Après s’être contenté d’un extrait, il est temps de tout vous dévoiler. À l’approche de ce rendez-vous, Rémy Cabella s’est confié à cœur ouvert et pendant 45 minutes sur son passé lillois, un passé qu’il chérit. Cet entretien a été réalisé le mercredi 25 février.
Rémy Cabella, le Canari
Bonjour Rémy. Comment te sens-tu à Nantes depuis ton arrivée ?

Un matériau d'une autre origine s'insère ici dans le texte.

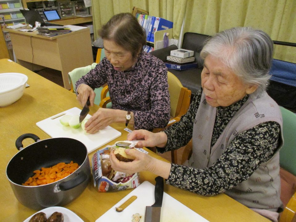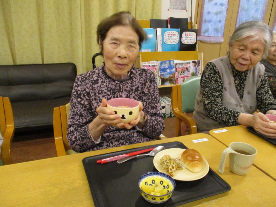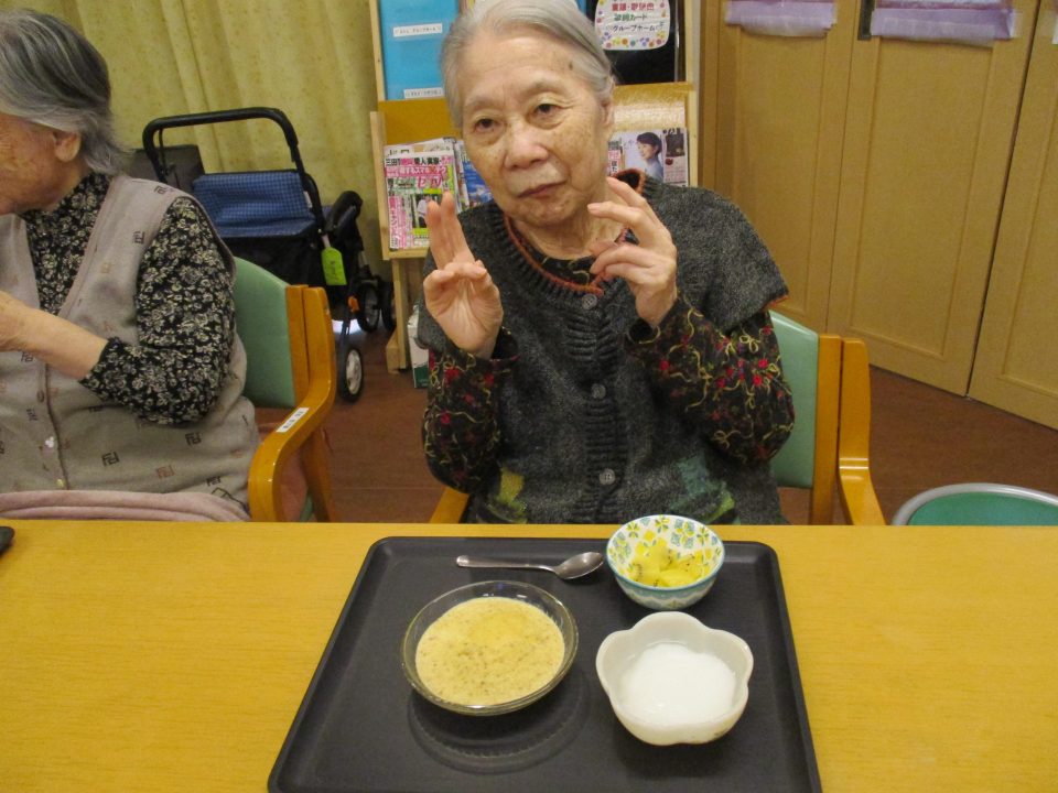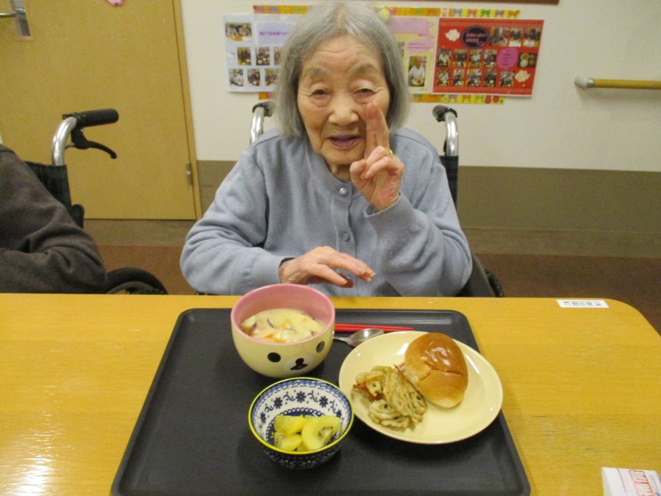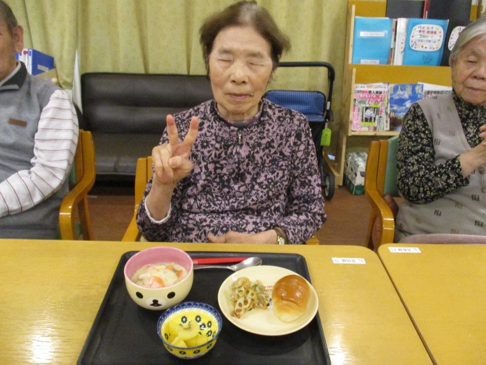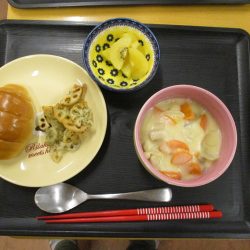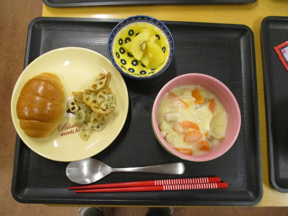 話をしながら調理が進みます。今回は主食をロールパンに変えてみました。たまにはパンも食べたいでしょう。牛乳がたっぷり入ったシチューに浸しても美味しいですね。食べ方は自由ですよ~。当然だけどさつまいもはホクホクであま~い優しい味❤

Je me sens bien, vraiment bien. On est dans une phase un peu difficile, dans un contexte qui est difficile, mais on travaille, on travaille. On est un peu dans notre bulle. On essaye de rester concentré, de donner encore plus pour remonter la pente. C’est ce qu’on fait petit à petit. Les résultats n’étaient pas là ces dernières semaines, mais il y avait quand même du jeu, et là, on a gagné (contre Le Havre AC, 2-0) ça nous fait du bien. Mais il nous reste encore un chemin très, très long.
À quel moment t’es-tu décidé de rejoindre Nantes ? Qu’est-ce qui t’a poussé à quitter la Grèce ?
En Grèce, l’équipe, elle marche super bien, il y a des joueurs, des talents, et ça marche très, très bien. Donc le coach, il avait déjà son effectif en tête. J’ai fait quelques matchs, quelques rentrées, mais… C’était soit je continuais comme ça et je restais un peu au soleil en étant dans le groupe mais sans me prendre la tête. Si je joue, bien, tant mieux, si je ne joue pas, on gagne, donc c’est bien aussi…
Mais j’aime trop le jeu. J’aime le football, j’aime jouer, et là, je voulais quand même un beau challenge et Nantes est venu à moi, donc je n’ai pas hésité. Quand je donne mon accord, je tiens toujours parole. Je donnerais tout pour que le FC Nantes puisse se maintenir.
En restant sur la Grèce, peux-tu nous donner des nouvelles de Yusuf Yazici ? Comment va-t-il ?
Aaaaah Yusuf (il sourit). Il va très, très bien. On s’envoie des messages de temps en temps, notamment lorsque l’on marque. Il l’a fait après Marseille. Là, il a encore marqué tout récemment d’ailleurs, après être rentré. On est toujours en contact.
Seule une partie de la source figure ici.